My 6-year-old son came home from school in a bad mood one day. This is not commonplace. It seems he and his friends were playing “The Avengers” during recess and he didn’t get to be Hawkeye, his favorite superhero in the group. (“The Avengers” was the game du jour for the majority of the Fall of 2012, thanks to the blockbuster summer film based on the much-loved Marvel Comic series.) He was relegated to Thor, which you’d think would be considered a score, what with this particular character having a franchise all his own, and even a sequel due this coming Fall. But, no, my son prefers the archer Hawkeye, a hero with zero super-powers, just a sharp eye and an arrow for every occasion. He kept getting bounced between Thor and Hulk, both dead last picks on this elementary school playground, Iron Man, Captain America and Hawkeye being the most-coveted. With – get this – villain Loki right up there with that trio.

By Spring 2013 life got better at school. My little guy came home beaming one day that he “got to be” Luke Skywalker during recess. (The whole thing begs the question of who was doling out the roles; what is the process – could it be the time-honored rock, paper, scissor? I never inquired.) I suggested maybe he landed the plum gig of Luke because that’s his name.
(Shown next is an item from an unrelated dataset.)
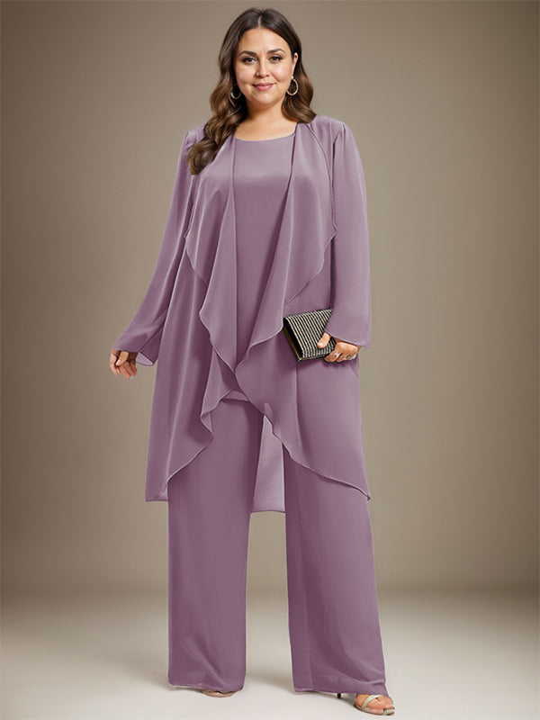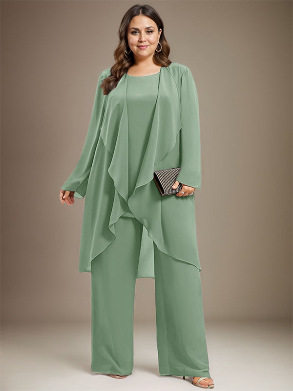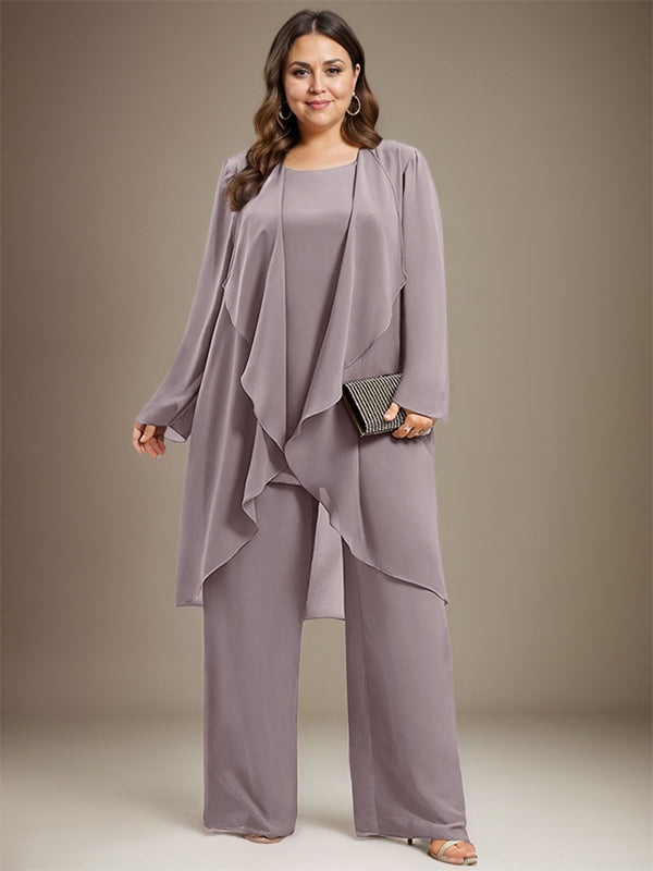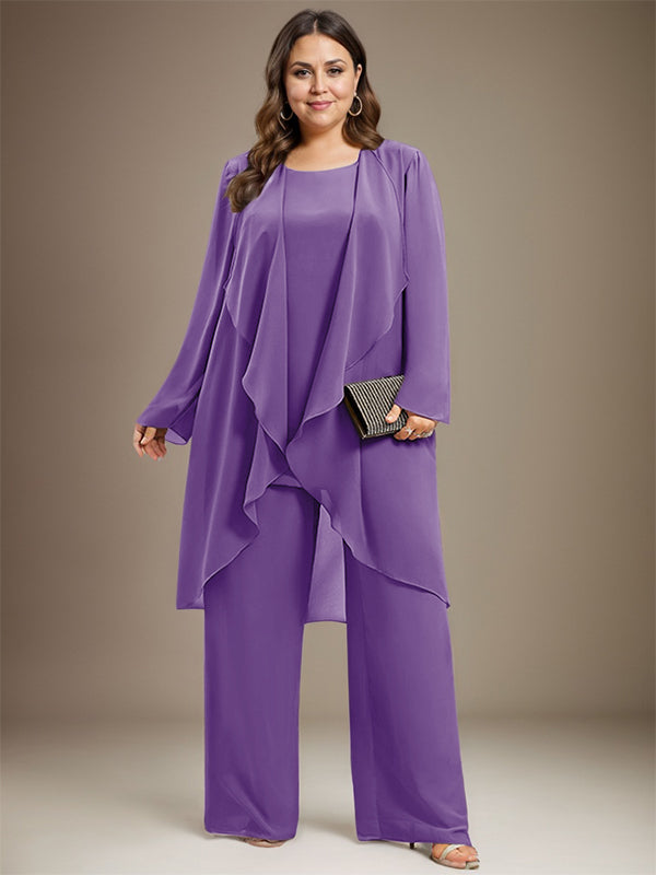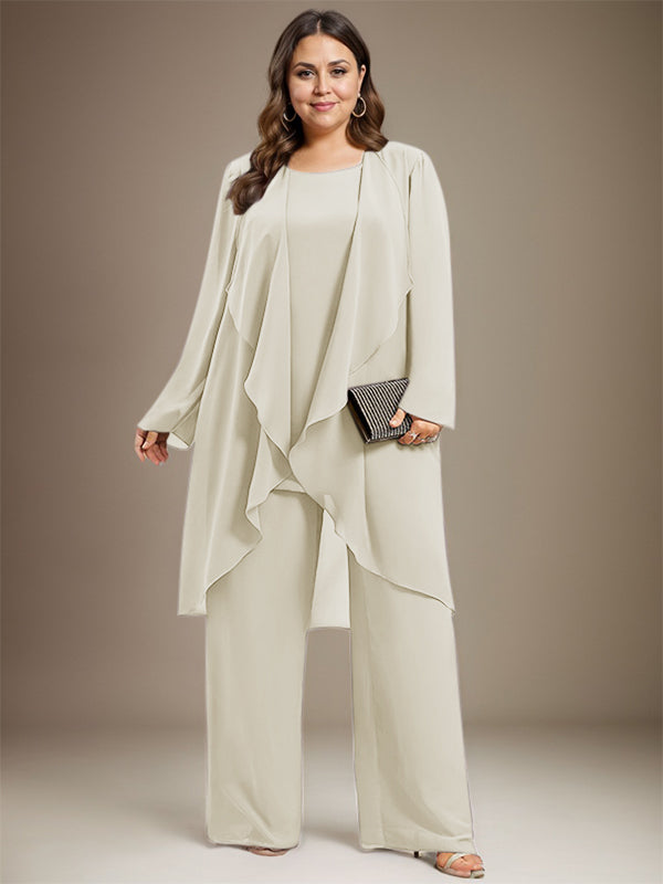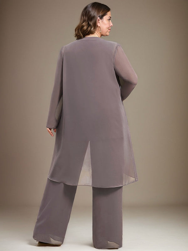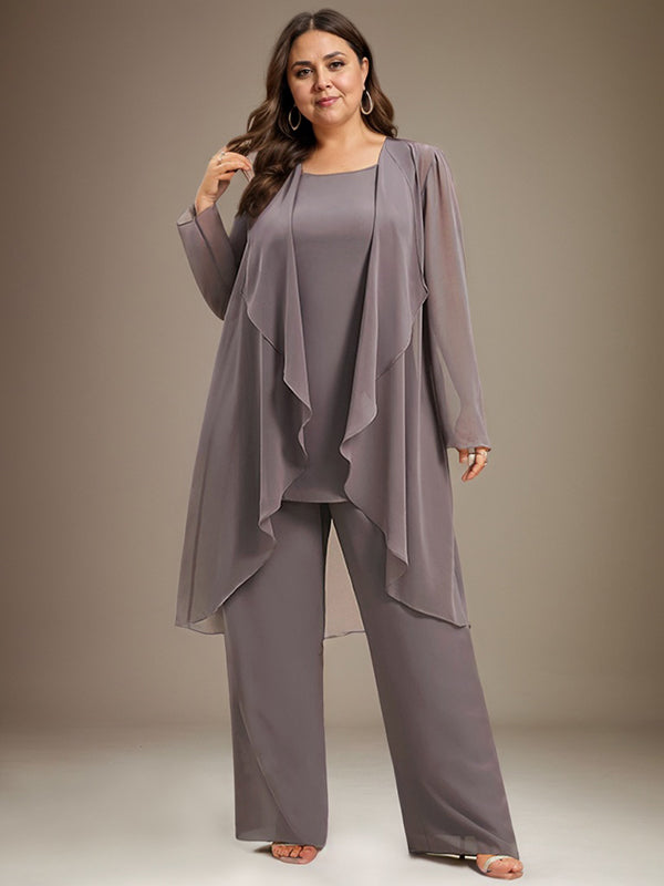 Pantsuit Separates Scoop Floor-Length Chiffon Mother of the Bride Dress

He shook his head no, still waving an imaginary light-saber, off, ostensibly, to destroy the Death Star. As of a few weeks ago he was Batman almost every day for a stretch, opting for Robin one day just to mix things up. Life was good.   

Then, one night at dinner, he brought up Rock ‘Em Sock ‘Em Recess again; he was curious as to why any of his classmates would want to be the bad guy at all, basically inferring that being the bad guy was the stuff of short straw-drawing. “Daddy,” he began, “how come they all fought over who got to be Darth Vader?” I suggested it could perhaps be the voice, the “I am your father,” and so on and so forth. But when he pressed, moving on to The Joker, Batman’s ultimate nemesis, and wondering why everyone wanted to be him – “Even Matthew!!” – I drew a real blank. The Joker of my youth bordered on buffoon and got very little screen time. Today’s Joker is, arguably, the star of the show. In the Tim Burton film version Jack Nicholson is billed before Michael Keaton, the former playing the villain and the latter the hero! When did the villain become the star?

“They all say The Joker’s cool,” my Luke added, incredulous. He went on: “I’m like, cool? He’s the bad guy!” Then, after a pause, a gulp of milk, a bit of thought, he said softly, “But whatever. I love being Batman.” He’s a rare breed nowadays, I thought to myself. Not necessarily my son – the hero.